ID
48
Cancer Name
Bone Chondrosarcoma
Main Grouping
Musculoskeletal
Organ System
Bone (cartilage-producing)
Cell Origin
Chondrocytes
Pathways Affected
Chondrosarcoma involves a molecular pathway landscape defined primarily by the IDH1/IDH2 oncometabolite 2-hydroxyglutarate pathway as the dominant and most specific molecular alteration in approximately 50 percent of conventional CHS, combined with COL2A1 extracellular matrix pathway disruption (approximately 37 percent), RB1/CDKN2A cell cycle checkpoint pathway inactivation (approximately 33 percent), Hedgehog pathway activation (approximately 8 to 18 percent), and TP53 tumor suppressor pathway disruption (approximately 20 percent).

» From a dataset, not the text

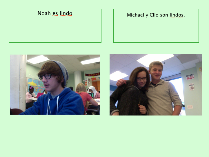 Mi amigos Gabe y Landis son cómicos y antipáticos. Gabe tiene catorce años. Él es muy alto y inteligente. Landis tiene los ojos verdes. Él es de Filadelfia. Son muy perezosos. Ma caen bien porque son buenísimos amigos.
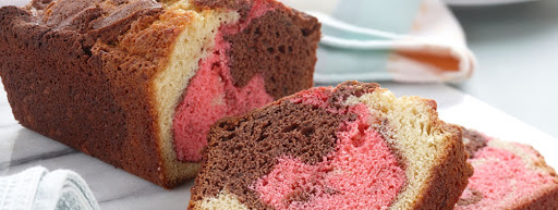 5. Spoon alternating colours into prepared pan. Draw a skewer or toothpick through the batter to swirl the colours.

The IDH1/IDH2/2-hydroxyglutarate oncometabolite pathway is the most specific and frequent molecular alteration in conventional central chondrosarcoma; IDH1 R132 and IDH2 R172 gain-of-function hotspot mutations cause the mutant IDH enzyme to convert alpha-ketoglutarate (alpha-KG) to the oncometabolite 2-hydroxyglutarate (2-HG) instead of performing normal oxidative decarboxylation of isocitrate; 2-HG competitively inhibits alpha-KG-dependent enzymes including TET2 DNA demethylases (preventing 5-methylcytosine oxidation to 5-hydroxymethylcytosine, driving CpG island hypermethylation and a CIMP epigenetic phenotype) and KDM (lysine demethylase) histone demethylases at H3K4me3, H3K9me3, and H3K27me3 marks causing histone hypermethylation; 2-HG-driven DNA and histone hypermethylation silences differentiation-associated genes (RARA, PDGFRA, BCOR) preventing normal chondrocyte maturation in CHS progenitor cells; 2-HG also inhibits collagen prolyl hydroxylases including P4HA1 and P4HA2 (required for collagen type I and type II hydroxylation), directly relevant to COL2A1 collagen II pathway disruption; curcumin inhibits DNMT and HDAC activity targeting epigenetic silencing in IDH-mutant CIMP CHS.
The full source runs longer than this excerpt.